Я повернул голову в их направлении и увидел, как с берега, через кусты, чуть сзади и сбоку от меня, ломится Кореш, спешащий ко мне. Подбежав, он задрал морду и вопросительно посмотрел: "Дескать, чего звал?.."

– Не набегался, что ли, за день? – ласково потрепал я его по холке. – Хватит уж.

Шерсть у пса была упругая, плотная, как у волка. Настоящая зимняя шерсть.

– Ух ты, волчара! – искренне восхитился я, в том числе и его неутомимостью, широкой грудью, с более светлым, чем на спине и боках окрасом, и, самое главное – беспредельной преданностью. – А подлое эхо мне тебя подсказывало схрумать… Не носись больше, иди рядом. Всех белок, к счастью, всё равно не переловишь…

Кореш покрутил туда-сюда своей лобастой головой с умными и хитрыми глазами, словно отвечая мне: "Не-ее-т, братец, шалишь! Хочешь, так сам иди по реке. А мне на берегу интереснее".
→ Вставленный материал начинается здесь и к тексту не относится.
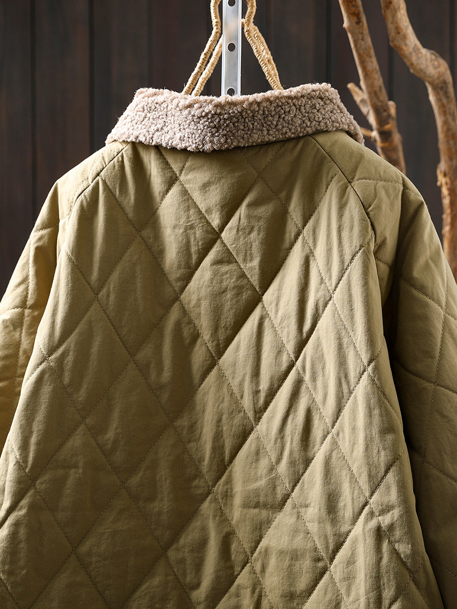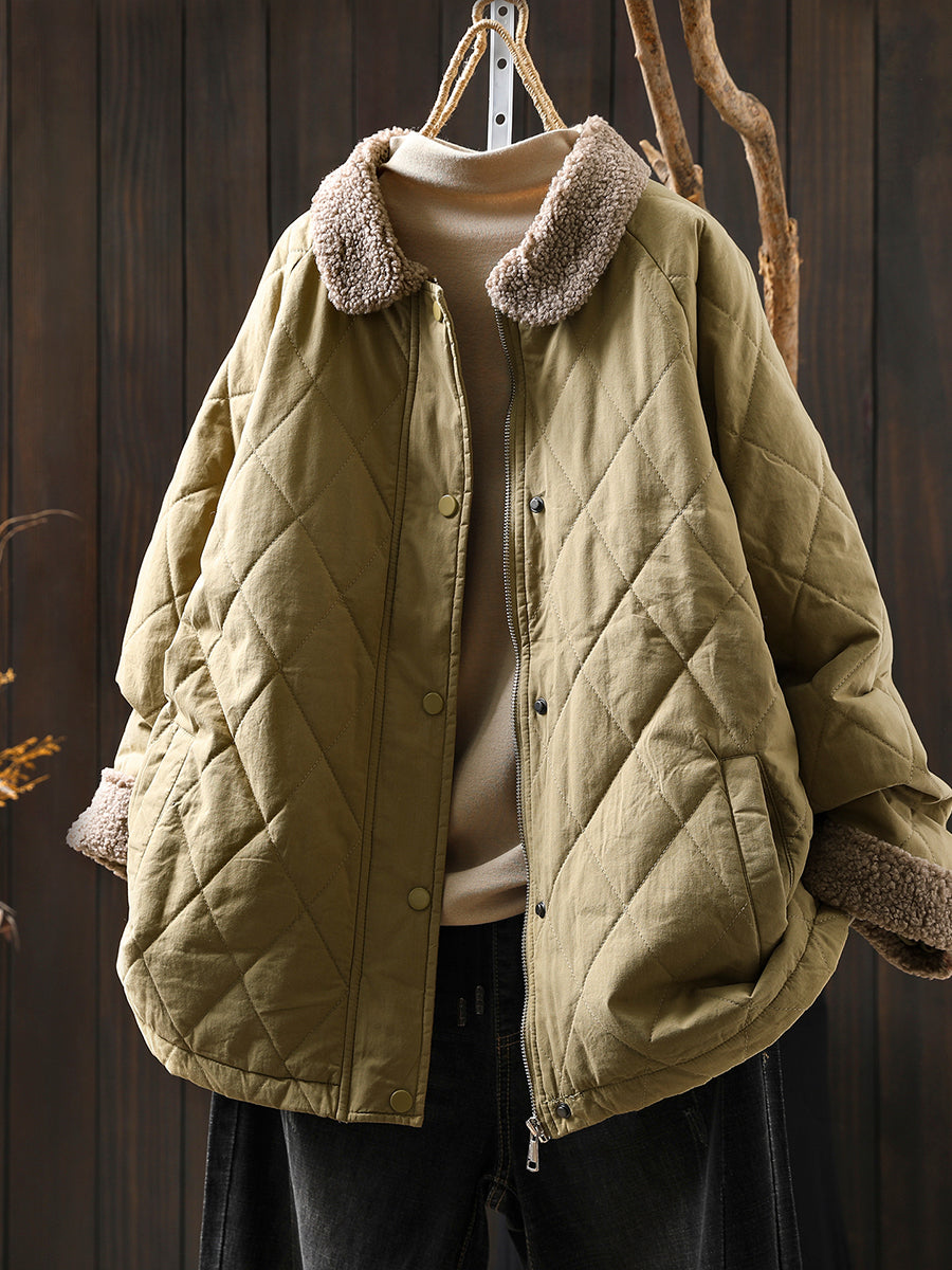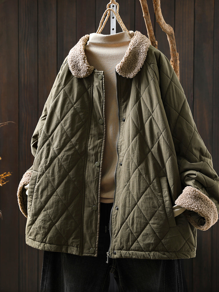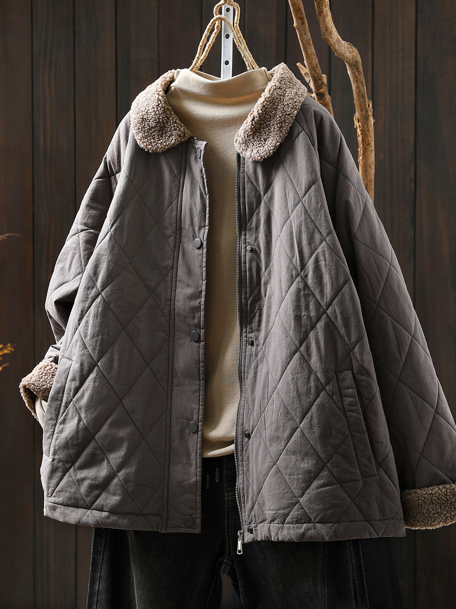 Abrigo retro de invierno con cuello vuelto y empalmado de polar para mujer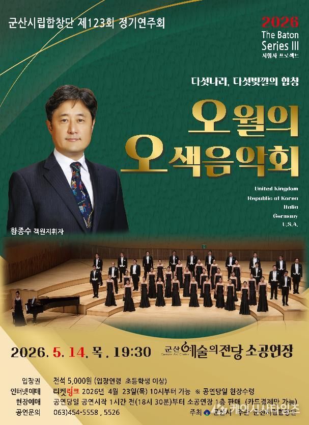 (케이시사타임즈) 군산시립합창단이 오는 5월 14일 오후 7시 30분, 군산예술의전당 소공연장에서 제123회 정기연주회 ‘오월의 오색음악회’를 개최한다.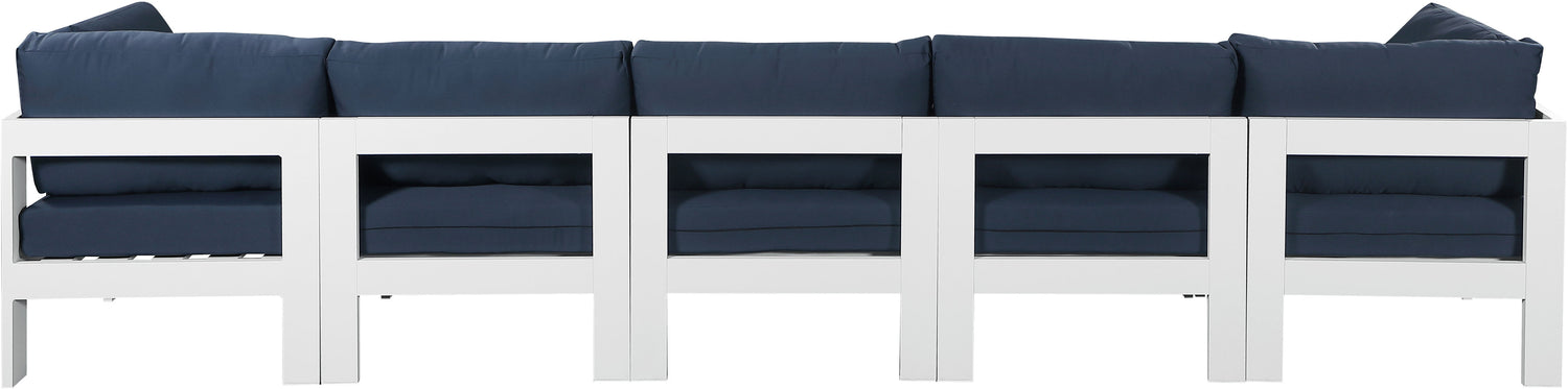 Nizuc - Outdoor Patio 5 Seat Modular Sofa With White Frame - Navy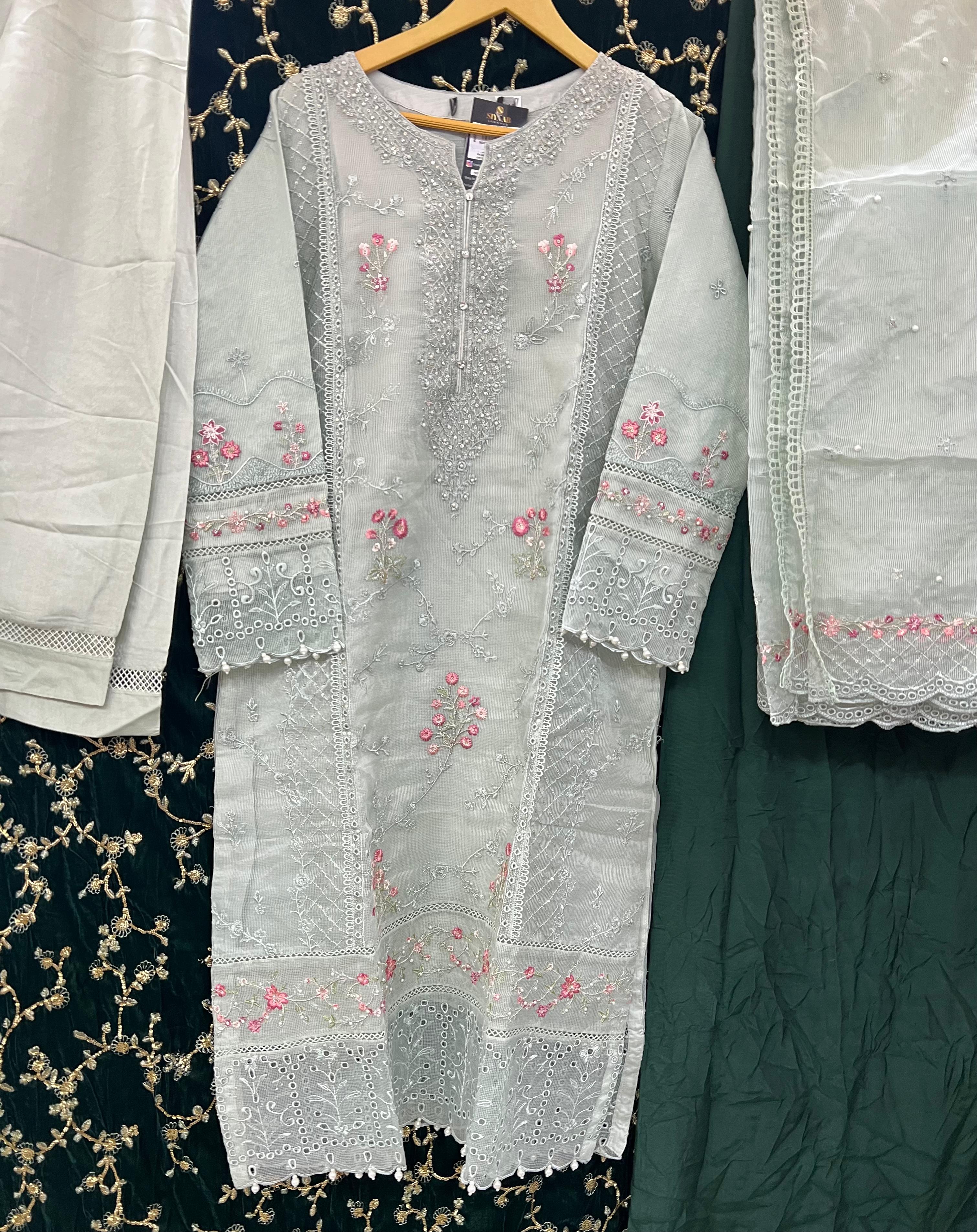HEAVILY EMBROEDERED COTTON NET KAMEEZ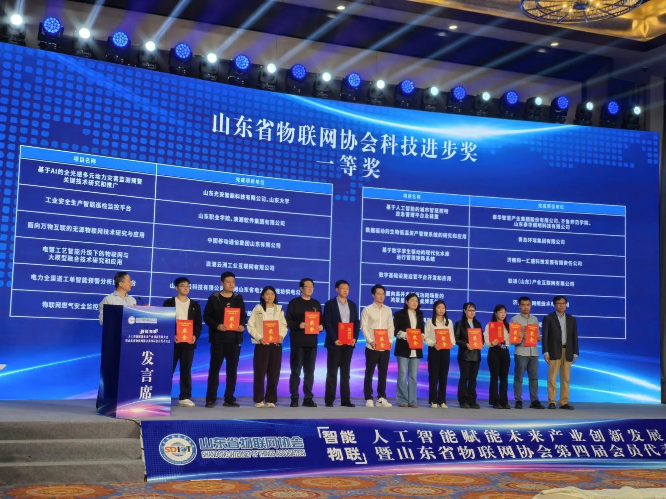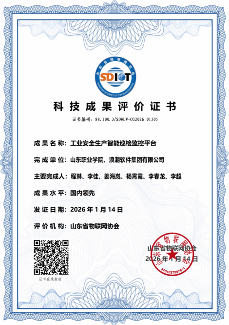 近日,由山东省物联网协会、山东省人工智能研究院等单位联合主办的“智能物联·人工智能赋能未来产业创新发展大会”在泰安召开。会上,颁发了2025年度山东省物联网协会科技进步奖。山东职业学院新一代信息技术学院软件技术专业与人工智能专业的程琳、李佳、姜海岚、杨霄霞四位教师,携手浪潮软件集团共同完成的“工业安全生产智能巡检监控平台”项目,荣获科技进步奖一等奖。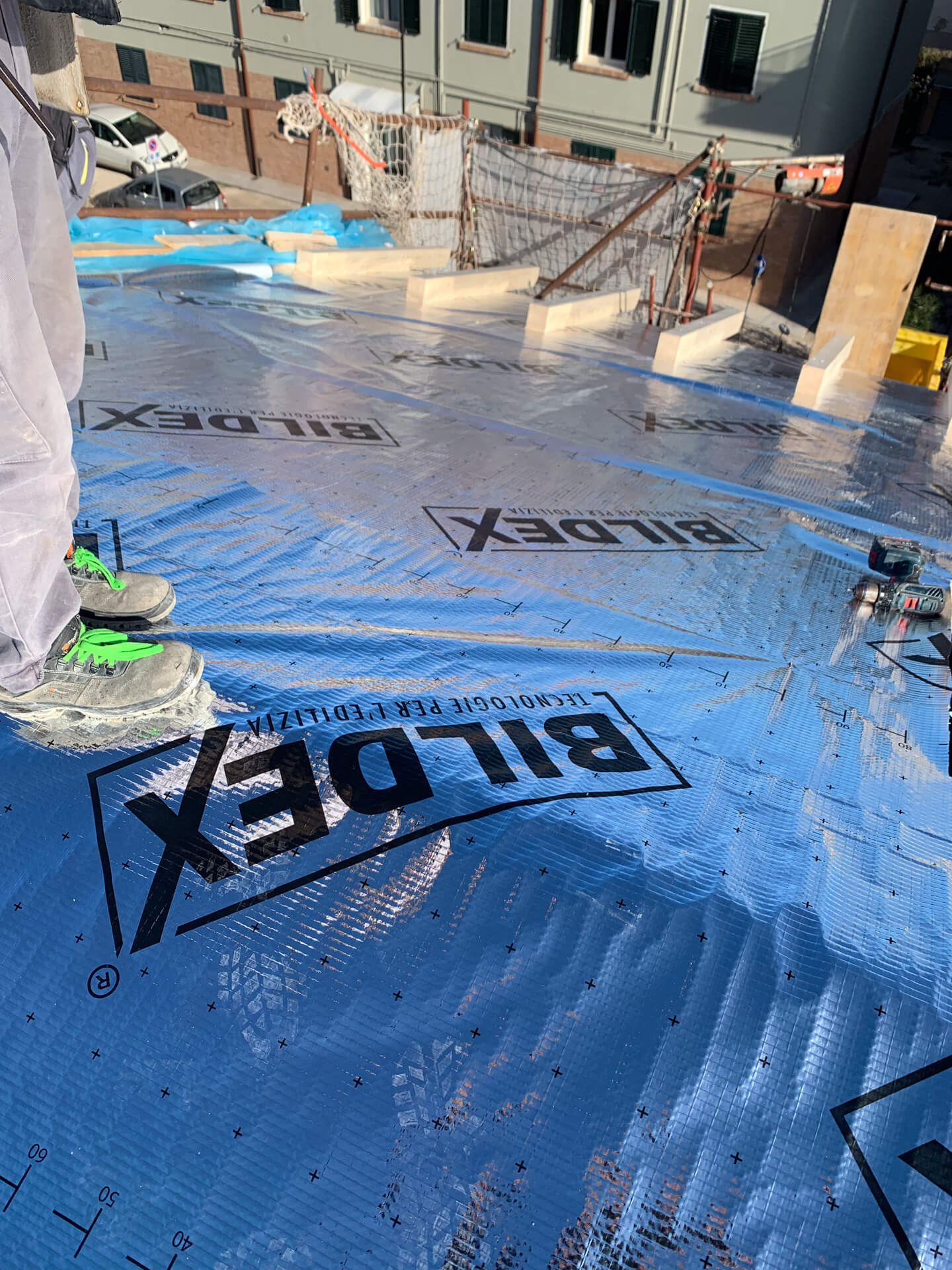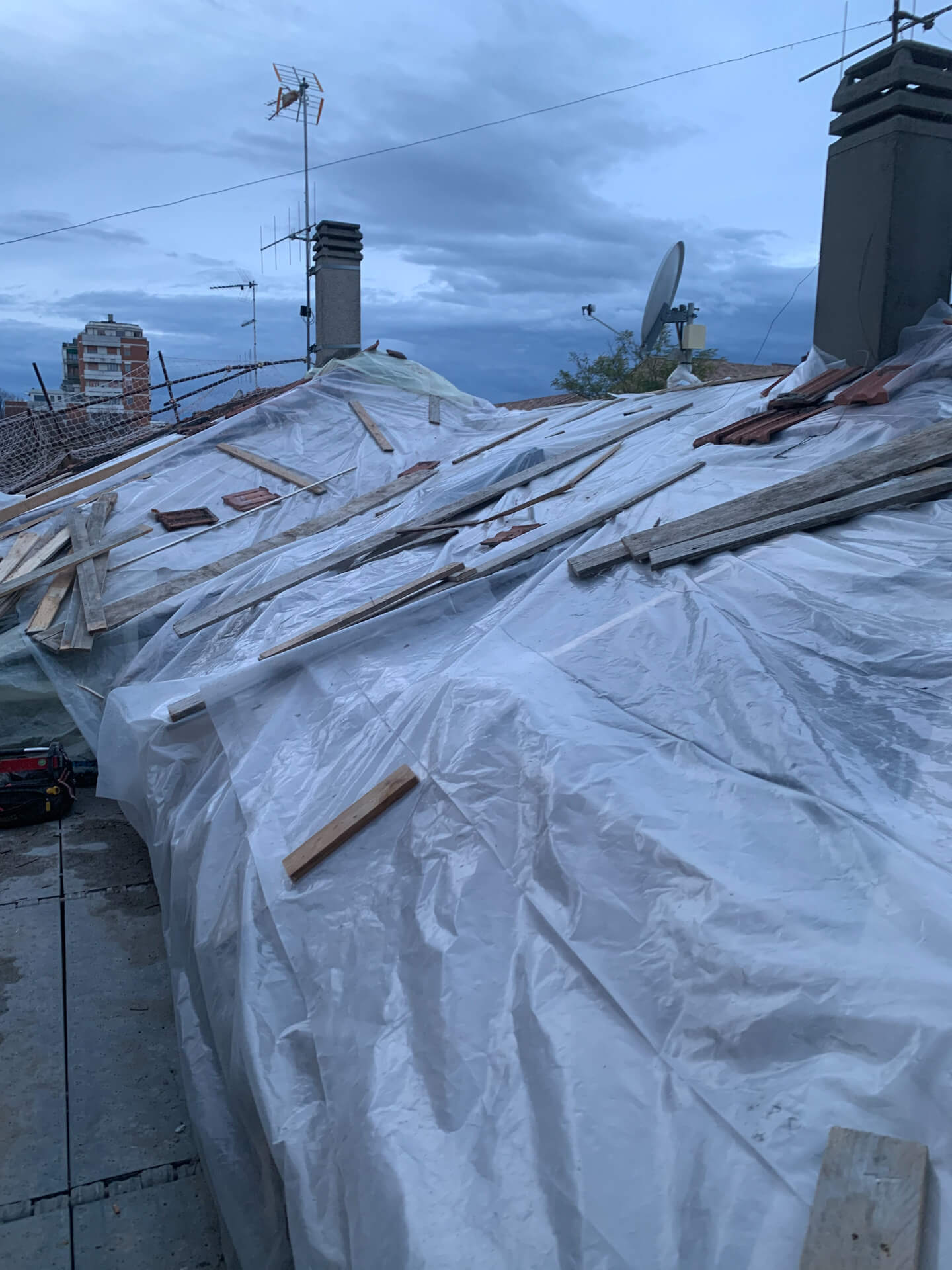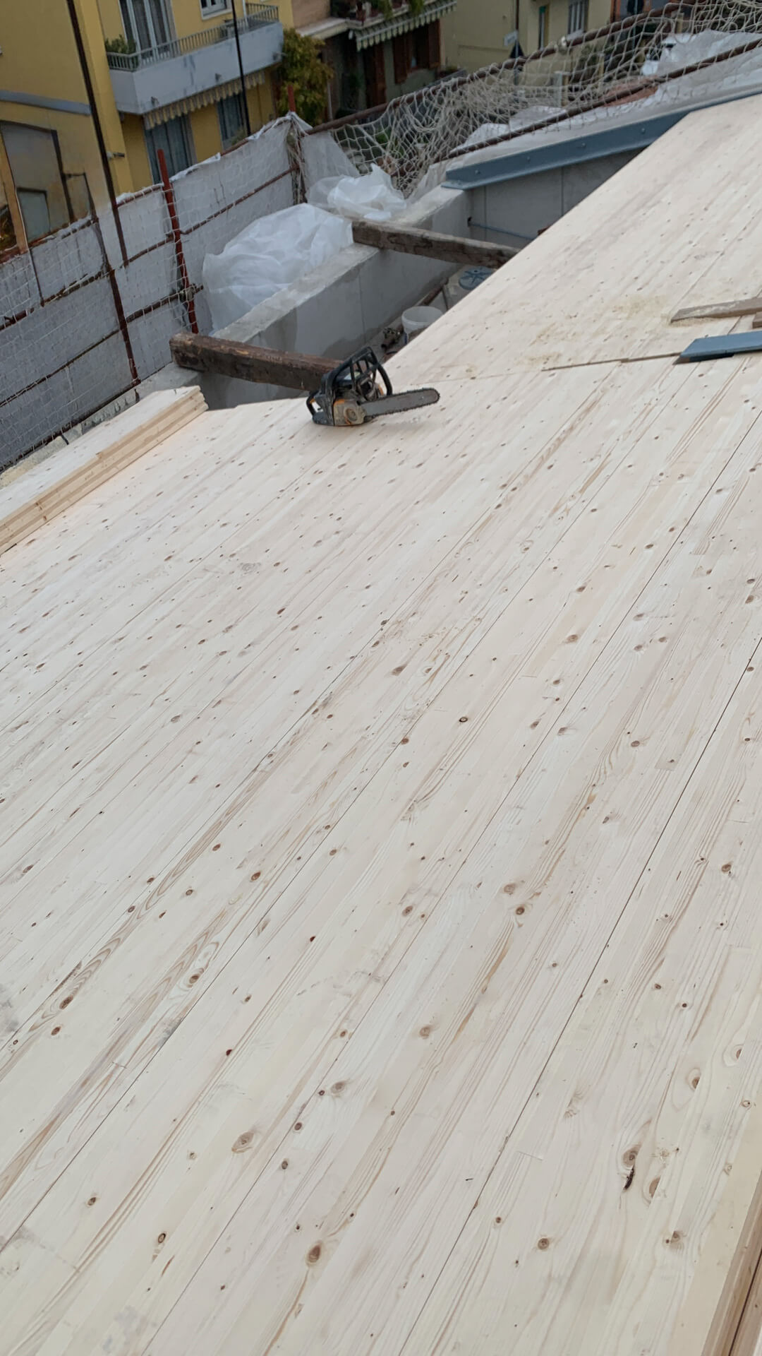 Rifacimento totale mediante il completo smantellamento della vecchia orditura in travi in legno esistenti, adeguamento strutturale mediante cordoli in Cemento Armato e travi portanti e la fornitura e posa in opera di nuovo tetto in legno lamellare completo di isolamento termico , impermeabilizzazioni bituminoso , manto in tegole marsigliesi e tutto quant’altro per dare l’opera finita.
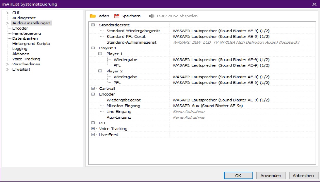 Alle Devices sind angepasst an die Konfig des Rechners, die vorher auch schon im Betrieb waren. Die Player funktionieren auch der Outplay funktioniert auch der Auschlag im Lautsträrkemixer von Windows wird angezeigt aber zu hören ist kein Ton mehr von keiner Software auch nicht von RadioBoss. So lange mairlist nicht gestartet ist funktionieren alle Software die sound produzieren bzw. senden.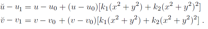 上面的公式 \bar{u},\bar{v} 是畸变图像中的某点像素坐标, u,v是矫正后图像中对应点的像素坐标, u_{0},v_{0} 是矫正后图像的中心点像素坐标, u_{1},v_{1} 是畸变图像中心点像素点坐标, x,y 是矫正后图像点坐标在横纵方向到中心点的像素数也就是图像坐标,所以 x^{2}+y^{2} 可以看作以中心点为圆心的圆的半径平方。那么这两个公式是分别求图像横纵方向的像素偏差补偿,补偿系数为 [k_{1}(x^{2}+y^{2})+k_{2}(x^{2}+y^{2})^{2}],可以看出 补偿系数分布服从二次函数,其实补偿系数后面还可以有 k_{3}、k_{4} 项,在实际应用中前两项够用。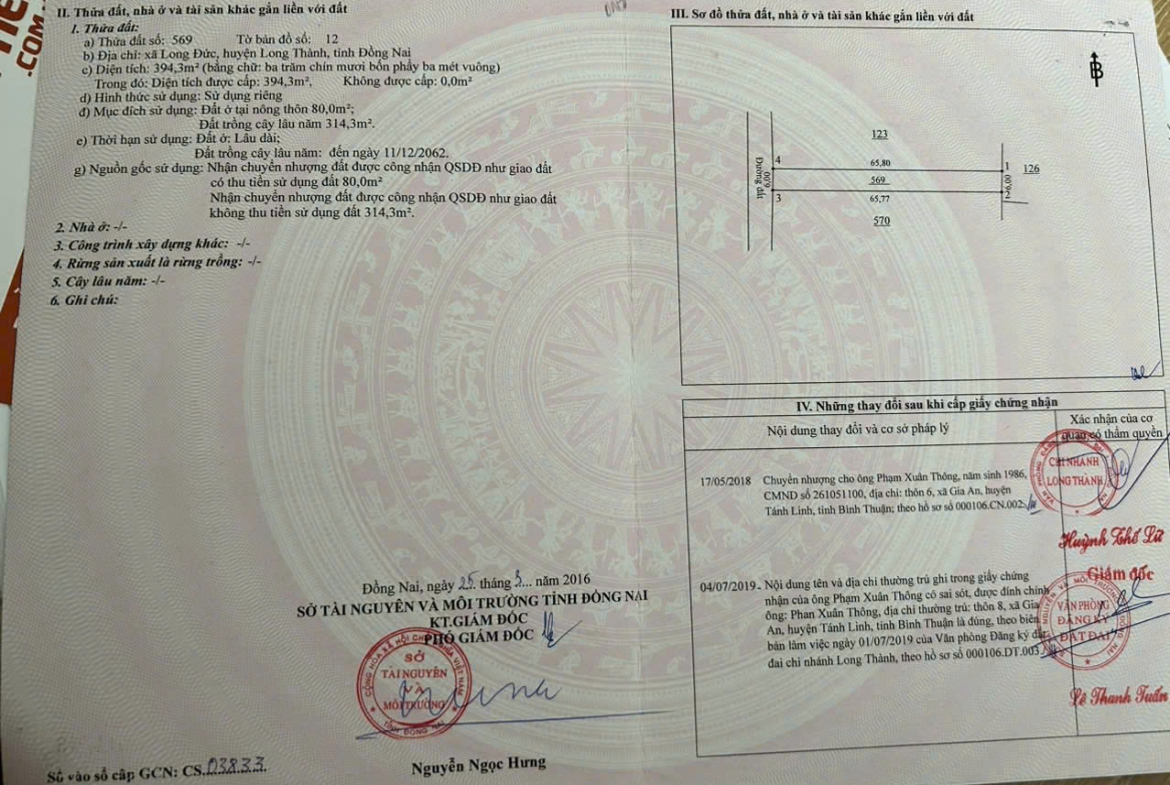 BÁN LÔ ĐẤT 394m² CÓ SỔ ĐỎ – ĐỐI DIỆN KCN LONG ĐỨC, LONG THÀNH, ĐỒNG NAI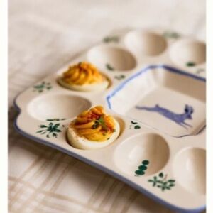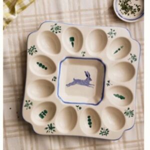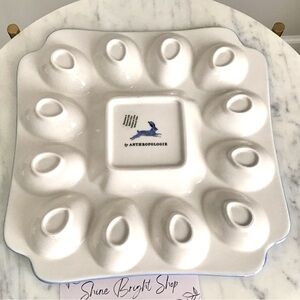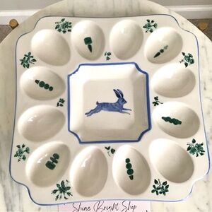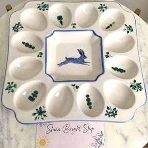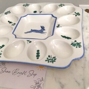 New with tag Anthropologie Lexington Stoneware Deviled Egg Platter featuring handpainted flowers, plants, and whimsical wildlife. Super cute paintings of a rabbit on the front and on the back of this beautiful platter.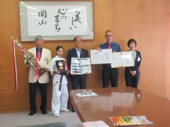 空手の大会で優秀な成績を収めた井上達二選手及び石原希々選手並びに関係者が、大森雅夫岡山市長を表敬訪問しました。

Он игриво схватил зубами болтающуюся на бечёвке рукавичку и потянул к себе.

– Ну, хватит, хватит… Не наигрался за день. Скоро уж стемнеет, а нам до зимовья ещё километров пять топать… Видно, ты, приятель, сегодня не одну мышиную норку разорил. А мышки сейчас жирные, калорийные. Оттого и энергии столько и жрать тебе, судя по всему, совсем не хочется. А я, признаюсь, сейчас, кажется, слона бы съел. Живот, чувствую, прямо к позвоночнику прилип.

Кореш ещё раз с весёлым рычанием подёргал меня за снятую рукавичку и, видимо, решив, что выдал уже положенную порцию внимания и ласки, снова навострился сигануть на берег.

– Ну, не уходи, – попросил я его, но, видя, что ласка не действует, уже строго приказал: – Рядом! – И он, понуро опустив голову, покорно засеменил сбоку.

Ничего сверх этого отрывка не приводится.